**What you have to do:**
The listing below must be repeated word for word, with its images excluded.

**Task material:**
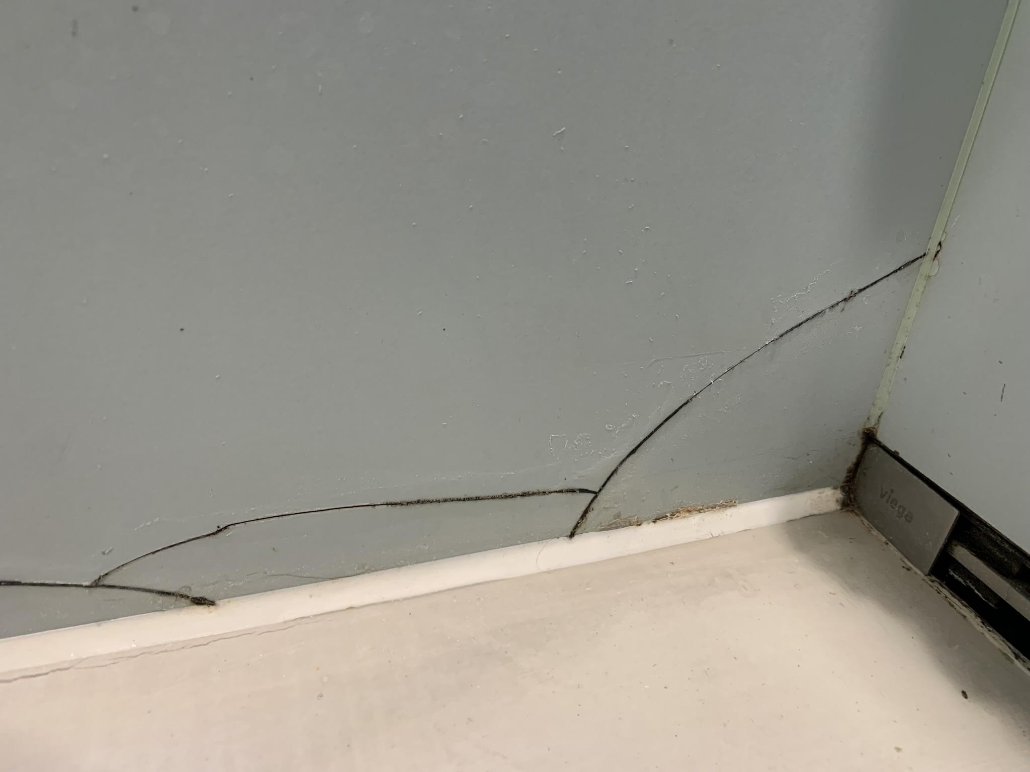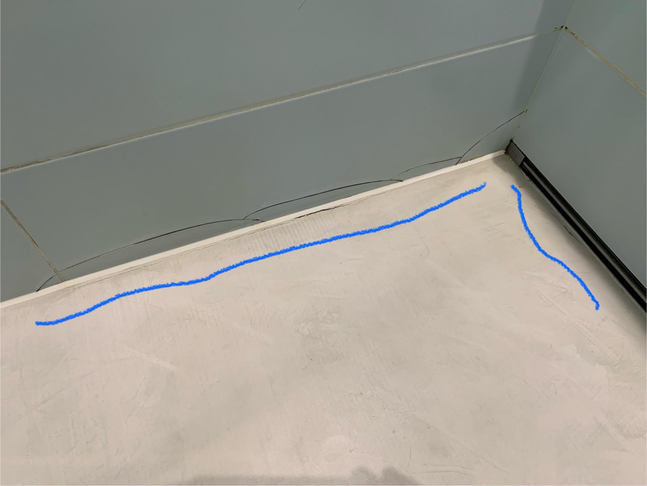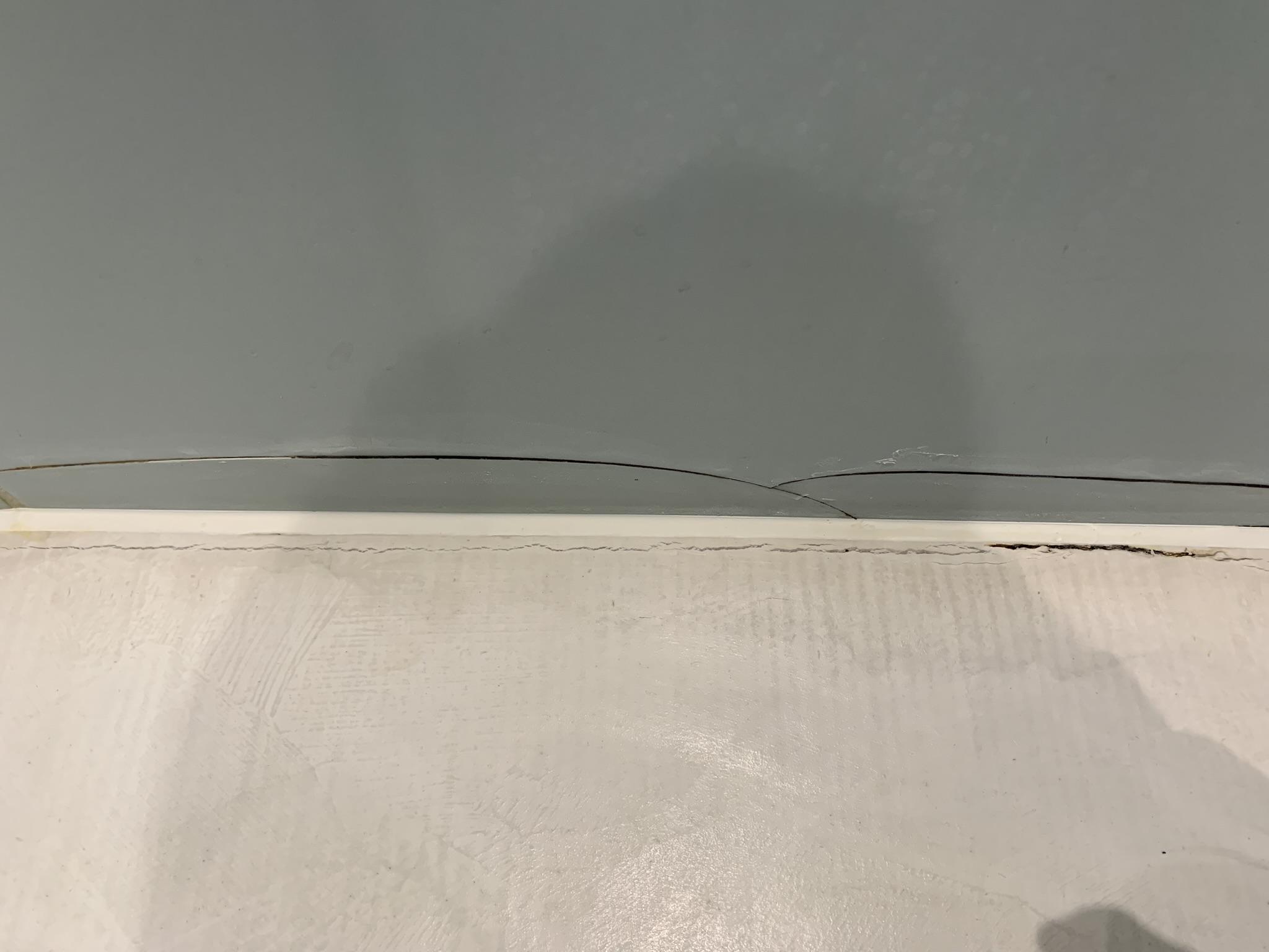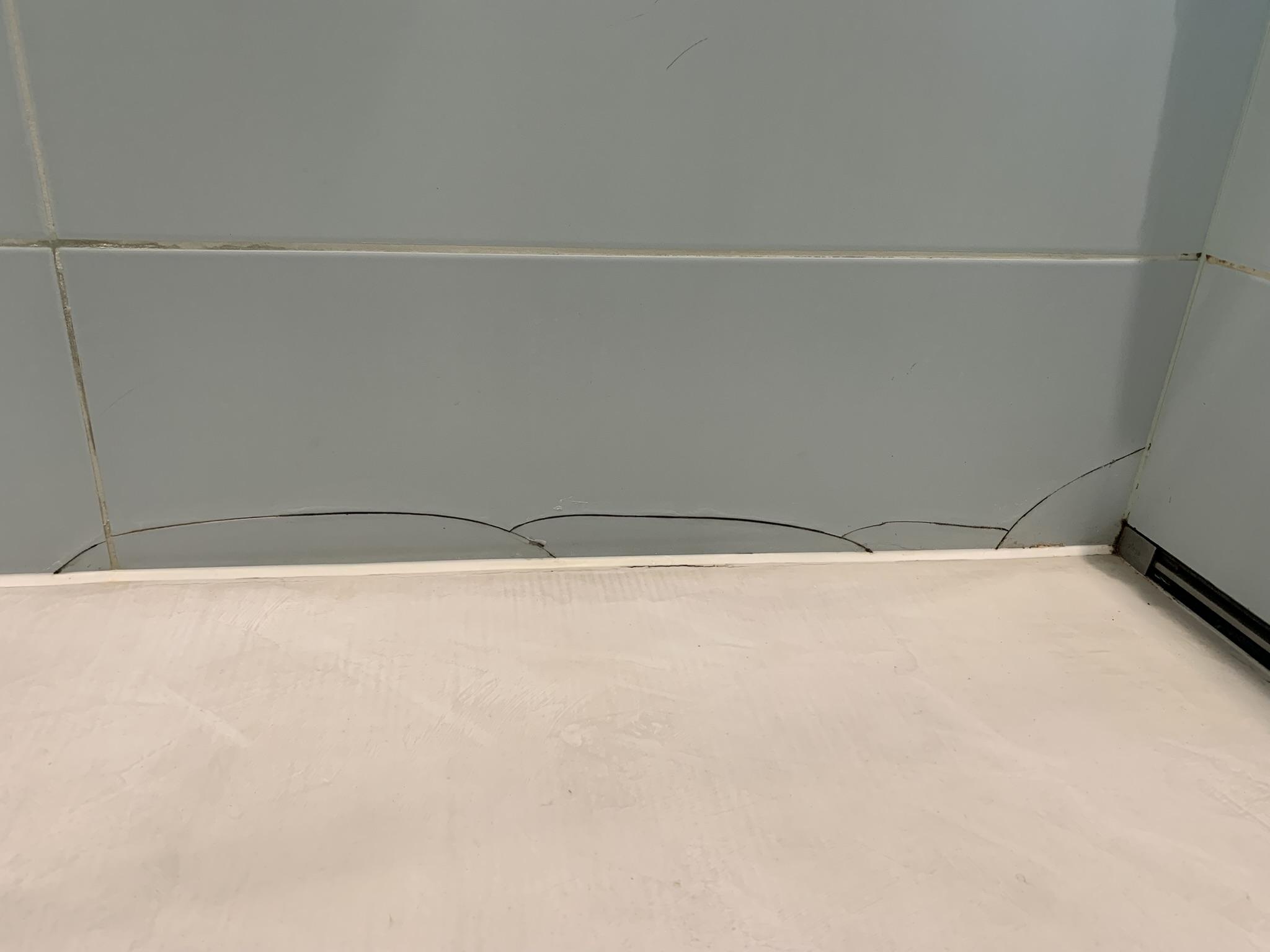3 aastat vana ridaelamuboxi vannitoas seinaplaadid ja mikrobetoon põrandal pragunenud (tõenäoliselt maja konstruktsioonide vajumise/mängimise tõttu).
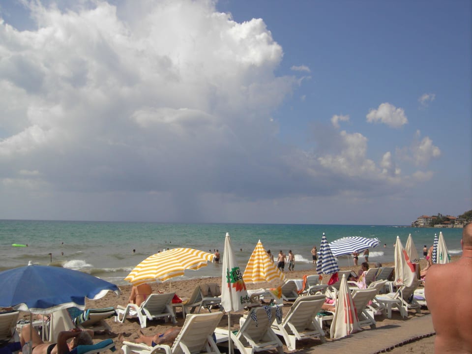 Der Sand setzt sich vom Strand aus ins Meer fort und man benötigt keine Badeschuhe. Der Transfer zum Strand ist bei 50 Grad im Bus jenseits des Guten und eine Zumutung.
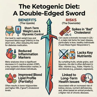 Discussing the health effects of low-carbohydrate and ketogenic diets (CRD/KD), focusing heavily on lipid metabolism and cardiovascular risk. Several articles, including one from the American College of Cardiology, indicate that a "keto-like" diet may be associated with significantly higher LDL cholesterol ("bad" cholesterol) and a doubled risk of major cardiovascular events in some individuals. Other research introduces the "Lean Mass Hyper-Responder" (LMHR) phenotype, which describes leaner individuals with otherwise healthy metabolic markers who experience extreme elevations in LDL cholesterol on a CRD, a response explained by the Lipid Energy Model (LEM). Additionally, the texts explore the use of KD in managing Type 2 diabetes
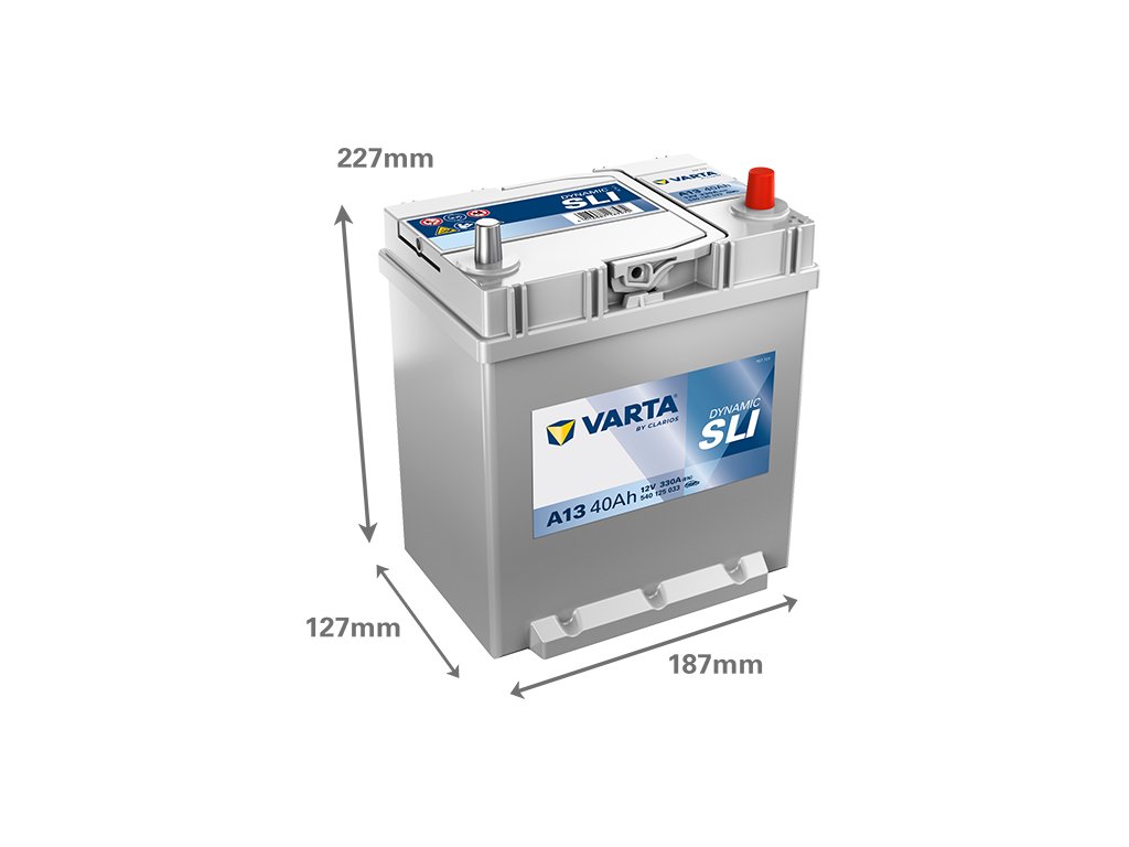 Hlavní parametry: kapacita 40Ah, startovací proud 330A, rozměr: délka 187 mm, šířka 140 mm, výška 227 mm, hmotnost: 10,10 kg, +pól vpravo.
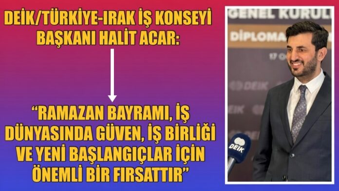 DEİK/Türkiye-Irak İş Konseyi Başkanı Halit Acar, Ramazan Bayramı dolayısıyla bir kutlama mesajı yayımladı. Ramazan Bayramı’nın, toplumsal dayanışma, paylaşma ve birlik duygularını pekiştirdiğini belirten Acar, bayramların aynı zamanda ekonomik ve ticari ilişkilerde de güven ortamını güçlendiren özel dönemler olduğuna dikkat çekti.
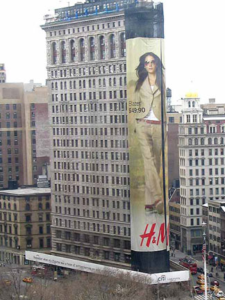 So, I was checking my email and I got a message from a colleague about the store H&M. In New York the company decided to take the famous Flatiron Building [done by Chicago Architects Daniel Burnham & Co. and one of my favorite buildings of all time] and dress it up with their advertising by running a huge ad up the entirety of the chamfered corner of the building. Also, not too many stories up from the ground a set of scaffolding was converted into a billboard for citibank wrapping completely around the building. It marred the building’s surface and was in complete disagreement with New York’s Landmark laws [it is listed as a New York landmark]. This person was so outraged they took the photograph of the advertising [in the extended entry] and sent it to the commission who reported back that it was, indeed, in violation and the company had been issued nine violations. Its nice to see that sometimes Historic Preservation and Landmarks Commissions have legal ability to protect against things like this. photos in the extended entry.

**Output of the exercise:**
3 aastat vana ridaelamuboxi vannitoas seinaplaadid ja mikrobetoon põrandal pragunenud (tõenäoliselt maja konstruktsioonide vajumise/mängimise tõttu).
 Der Sand setzt sich vom Strand aus ins Meer fort und man benötigt keine Badeschuhe. Der Transfer zum Strand ist bei 50 Grad im Bus jenseits des Guten und eine Zumutung.
 Discussing the health effects of low-carbohydrate and ketogenic diets (CRD/KD), focusing heavily on lipid metabolism and cardiovascular risk. Several articles, including one from the American College of Cardiology, indicate that a "keto-like" diet may be associated with significantly higher LDL cholesterol ("bad" cholesterol) and a doubled risk of major cardiovascular events in some individuals. Other research introduces the "Lean Mass Hyper-Responder" (LMHR) phenotype, which describes leaner individuals with otherwise healthy metabolic markers who experience extreme elevations in LDL cholesterol on a CRD, a response explained by the Lipid Energy Model (LEM). Additionally, the texts explore the use of KD in managing Type 2 diabetes
 Hlavní parametry: kapacita 40Ah, startovací proud 330A, rozměr: délka 187 mm, šířka 140 mm, výška 227 mm, hmotnost: 10,10 kg, +pól vpravo.
 DEİK/Türkiye-Irak İş Konseyi Başkanı Halit Acar, Ramazan Bayramı dolayısıyla bir kutlama mesajı yayımladı. Ramazan Bayramı’nın, toplumsal dayanışma, paylaşma ve birlik duygularını pekiştirdiğini belirten Acar, bayramların aynı zamanda ekonomik ve ticari ilişkilerde de güven ortamını güçlendiren özel dönemler olduğuna dikkat çekti.
 So, I was checking my email and I got a message from a colleague about the store H&M. In New York the company decided to take the famous Flatiron Building [done by Chicago Architects Daniel Burnham & Co. and one of my favorite buildings of all time] and dress it up with their advertising by running a huge ad up the entirety of the chamfered corner of the building. Also, not too many stories up from the ground a set of scaffolding was converted into a billboard for citibank wrapping completely around the building. It marred the building’s surface and was in complete disagreement with New York’s Landmark laws [it is listed as a New York landmark]. This person was so outraged they took the photograph of the advertising [in the extended entry] and sent it to the commission who reported back that it was, indeed, in violation and the company had been issued nine violations. Its nice to see that sometimes Historic Preservation and Landmarks Commissions have legal ability to protect against things like this. photos in the extended entry.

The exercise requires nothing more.